» **REQUIRED ACTION**: Find "Old School Vintage" below and begin at its line; stop after the line with "Colore: Carta da". Output those lines exactly, without pictures.

» **DATA EXTRACTS**:
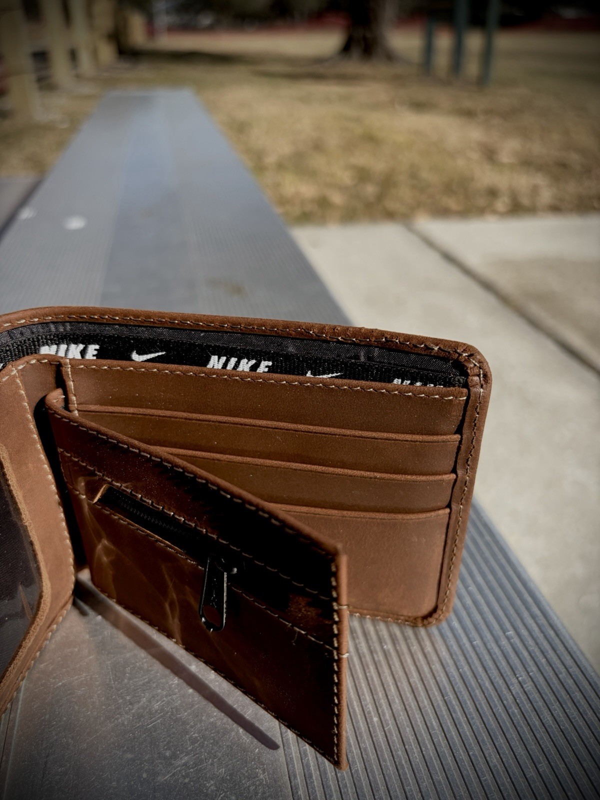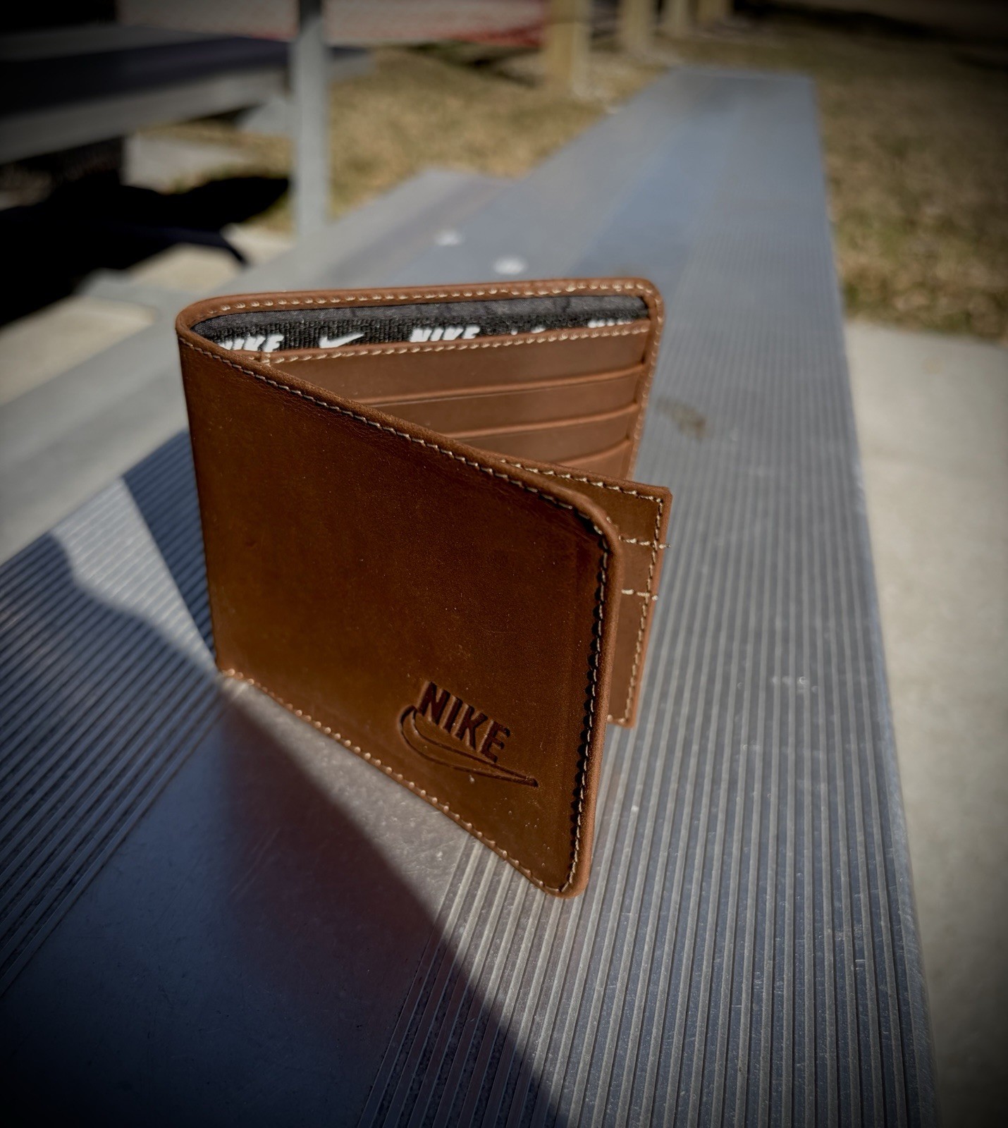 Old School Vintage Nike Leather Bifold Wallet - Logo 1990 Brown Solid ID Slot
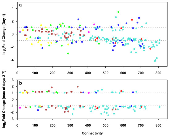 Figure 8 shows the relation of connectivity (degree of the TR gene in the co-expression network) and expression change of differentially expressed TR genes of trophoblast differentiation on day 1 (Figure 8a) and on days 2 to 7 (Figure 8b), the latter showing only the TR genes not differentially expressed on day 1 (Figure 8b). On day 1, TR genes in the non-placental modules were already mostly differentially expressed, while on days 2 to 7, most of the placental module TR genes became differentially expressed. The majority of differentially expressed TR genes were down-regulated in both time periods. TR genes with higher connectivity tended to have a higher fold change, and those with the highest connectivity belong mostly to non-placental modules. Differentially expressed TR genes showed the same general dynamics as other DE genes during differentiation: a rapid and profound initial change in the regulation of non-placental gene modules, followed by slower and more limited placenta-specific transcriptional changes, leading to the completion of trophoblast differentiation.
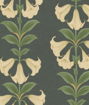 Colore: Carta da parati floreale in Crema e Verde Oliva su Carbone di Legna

* * *

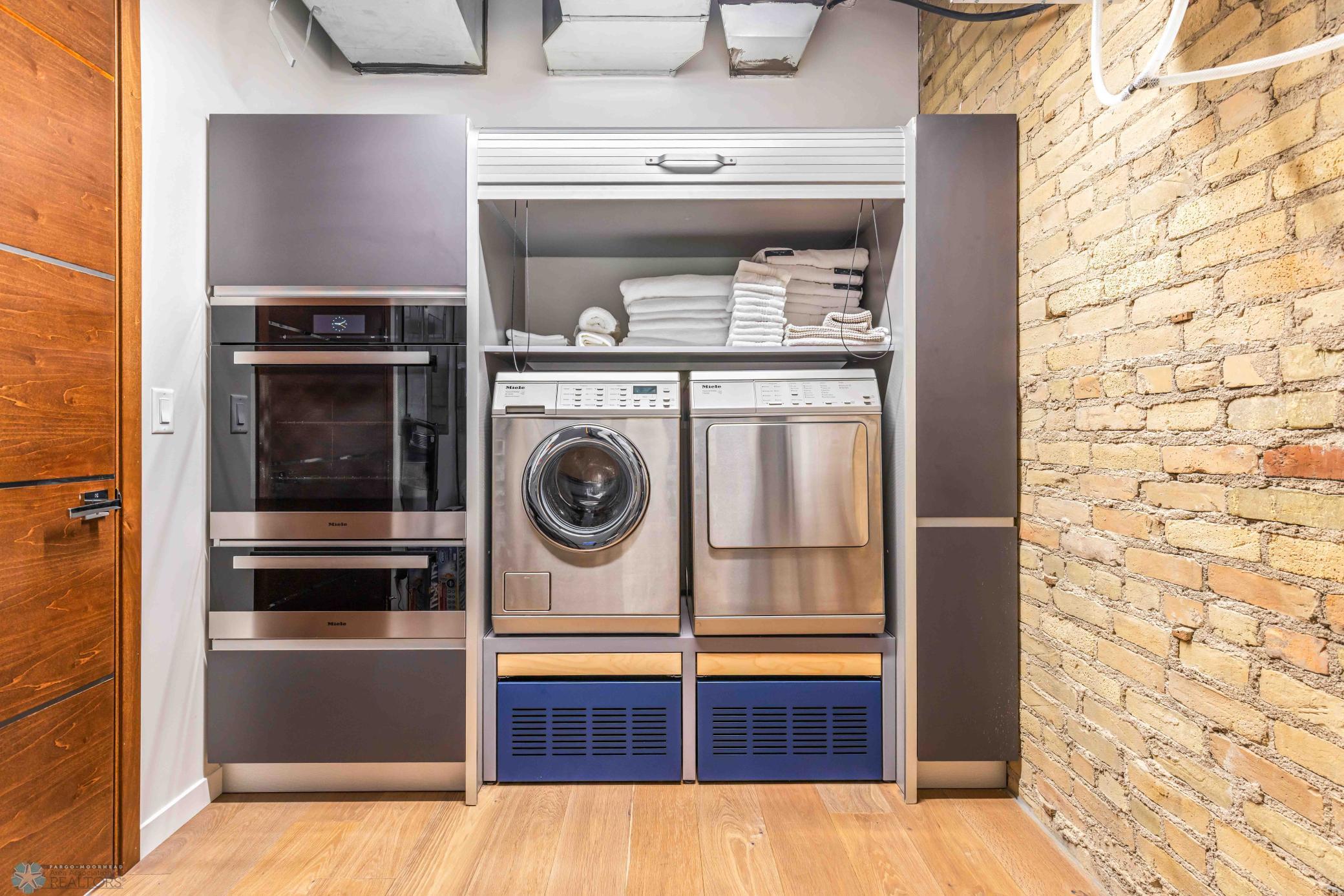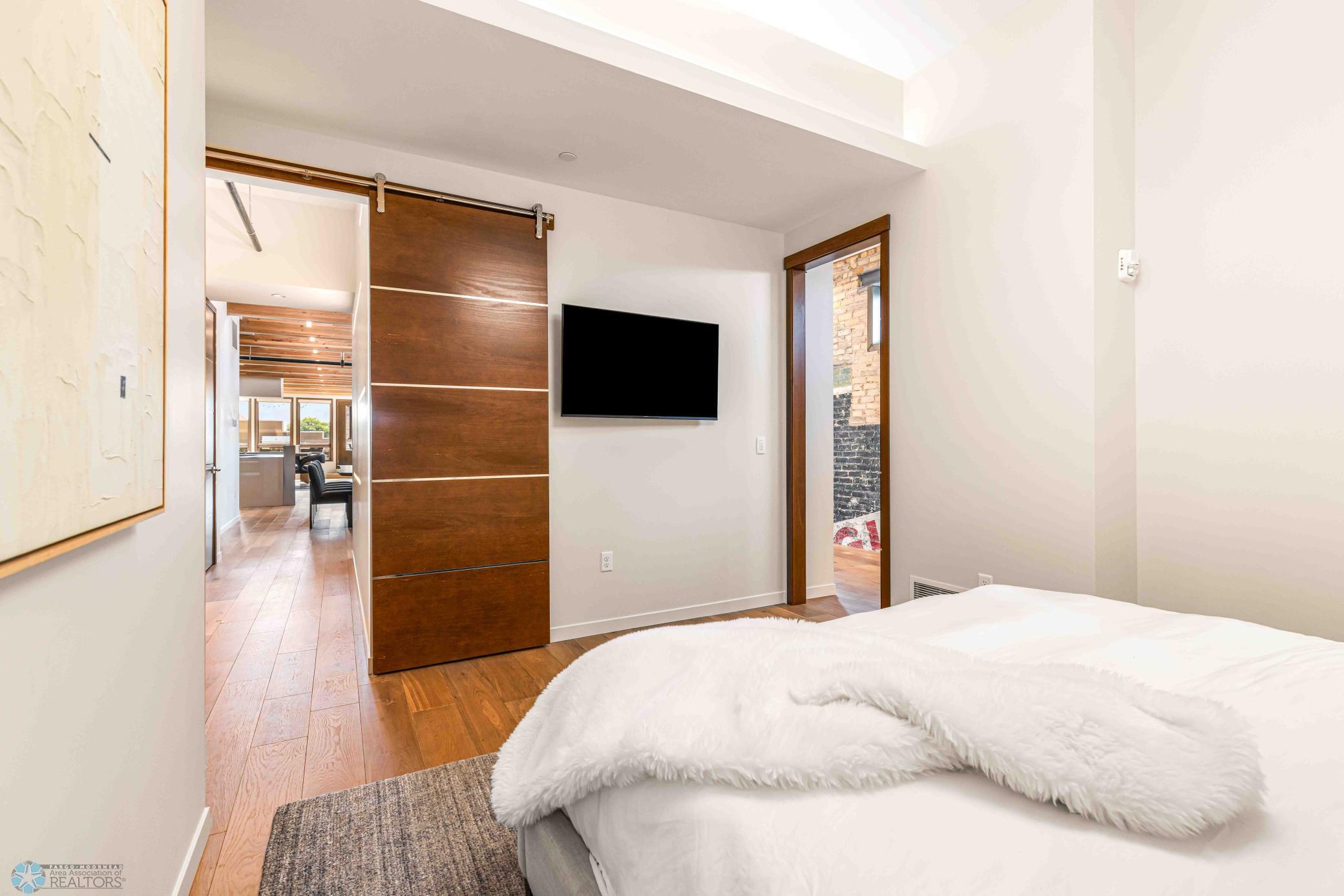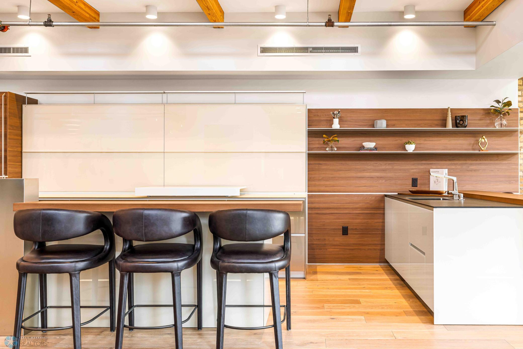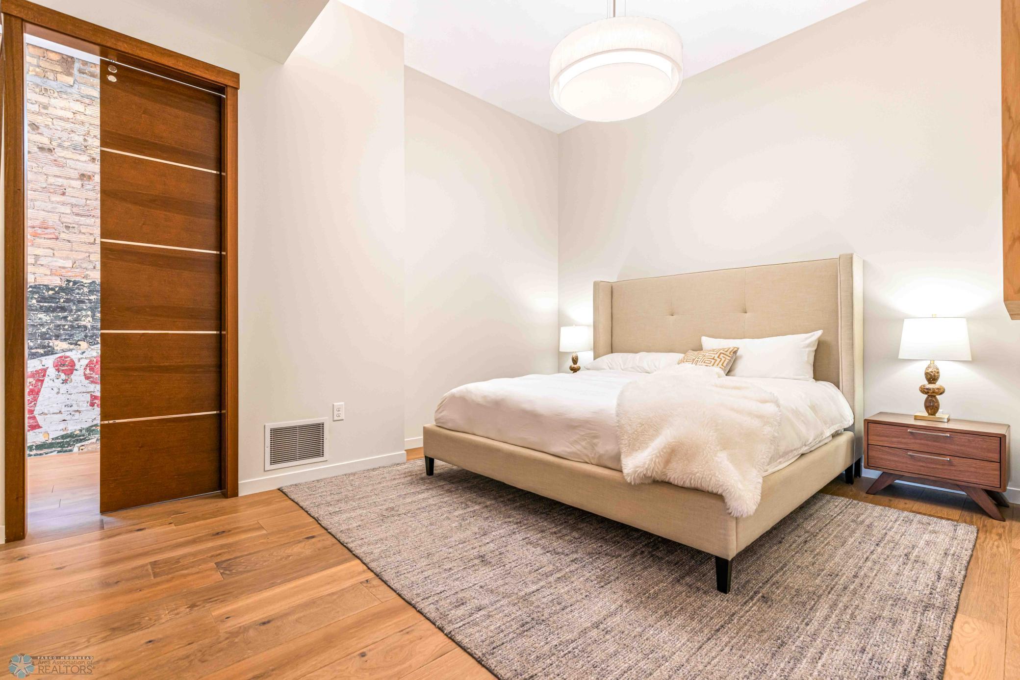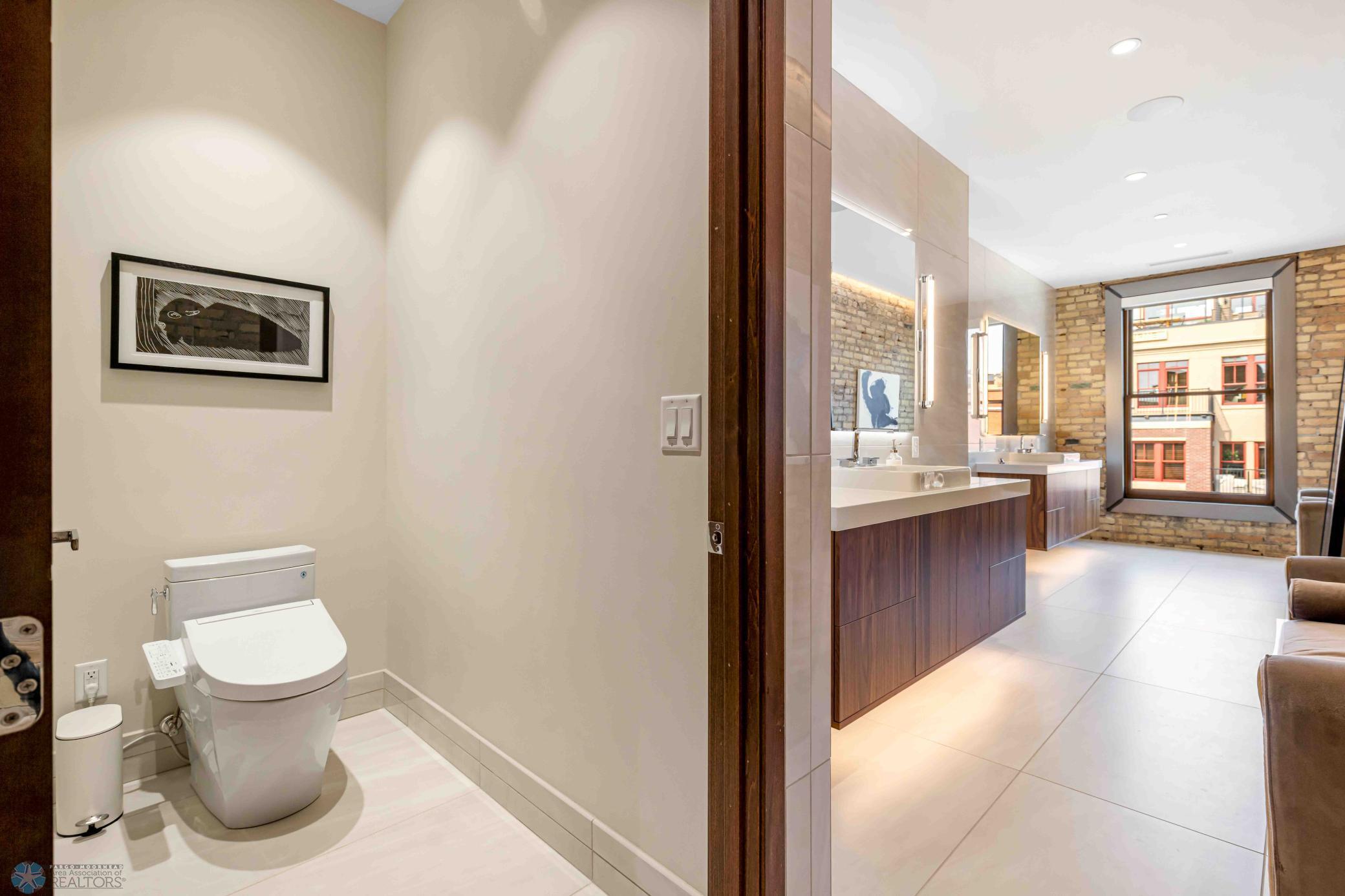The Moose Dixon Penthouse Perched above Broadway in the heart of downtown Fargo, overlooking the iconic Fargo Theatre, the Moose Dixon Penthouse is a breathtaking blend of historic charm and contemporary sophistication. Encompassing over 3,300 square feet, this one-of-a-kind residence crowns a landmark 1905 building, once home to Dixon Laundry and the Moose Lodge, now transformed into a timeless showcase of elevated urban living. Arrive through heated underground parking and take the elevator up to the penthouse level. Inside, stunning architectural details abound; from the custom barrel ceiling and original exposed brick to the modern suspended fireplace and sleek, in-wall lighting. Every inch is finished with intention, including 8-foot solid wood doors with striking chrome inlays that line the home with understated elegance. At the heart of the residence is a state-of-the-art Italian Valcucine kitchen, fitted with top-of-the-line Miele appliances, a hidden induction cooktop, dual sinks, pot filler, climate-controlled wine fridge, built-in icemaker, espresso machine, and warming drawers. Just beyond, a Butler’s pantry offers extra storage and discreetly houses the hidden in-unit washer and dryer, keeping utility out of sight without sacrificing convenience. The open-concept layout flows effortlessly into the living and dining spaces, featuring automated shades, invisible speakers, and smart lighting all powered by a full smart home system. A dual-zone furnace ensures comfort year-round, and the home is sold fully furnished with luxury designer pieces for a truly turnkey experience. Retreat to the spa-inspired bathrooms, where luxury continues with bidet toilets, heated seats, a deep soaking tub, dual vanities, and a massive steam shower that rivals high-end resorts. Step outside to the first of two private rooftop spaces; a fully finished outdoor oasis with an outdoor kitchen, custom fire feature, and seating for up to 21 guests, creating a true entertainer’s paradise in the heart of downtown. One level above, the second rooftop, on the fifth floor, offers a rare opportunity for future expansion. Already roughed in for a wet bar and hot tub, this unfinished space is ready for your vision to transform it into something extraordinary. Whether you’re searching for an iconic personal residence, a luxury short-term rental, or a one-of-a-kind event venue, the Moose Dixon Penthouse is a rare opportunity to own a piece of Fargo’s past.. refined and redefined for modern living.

» **RESPONSE AREA**:
 Old School Vintage Nike Leather Bifold Wallet - Logo 1990 Brown Solid ID Slot
 Figure 8 shows the relation of connectivity (degree of the TR gene in the co-expression network) and expression change of differentially expressed TR genes of trophoblast differentiation on day 1 (Figure 8a) and on days 2 to 7 (Figure 8b), the latter showing only the TR genes not differentially expressed on day 1 (Figure 8b). On day 1, TR genes in the non-placental modules were already mostly differentially expressed, while on days 2 to 7, most of the placental module TR genes became differentially expressed. The majority of differentially expressed TR genes were down-regulated in both time periods. TR genes with higher connectivity tended to have a higher fold change, and those with the highest connectivity belong mostly to non-placental modules. Differentially expressed TR genes showed the same general dynamics as other DE genes during differentiation: a rapid and profound initial change in the regulation of non-placental gene modules, followed by slower and more limited placenta-specific transcriptional changes, leading to the completion of trophoblast differentiation.
 Colore: Carta da parati floreale in Crema e Verde Oliva su Carbone di Legna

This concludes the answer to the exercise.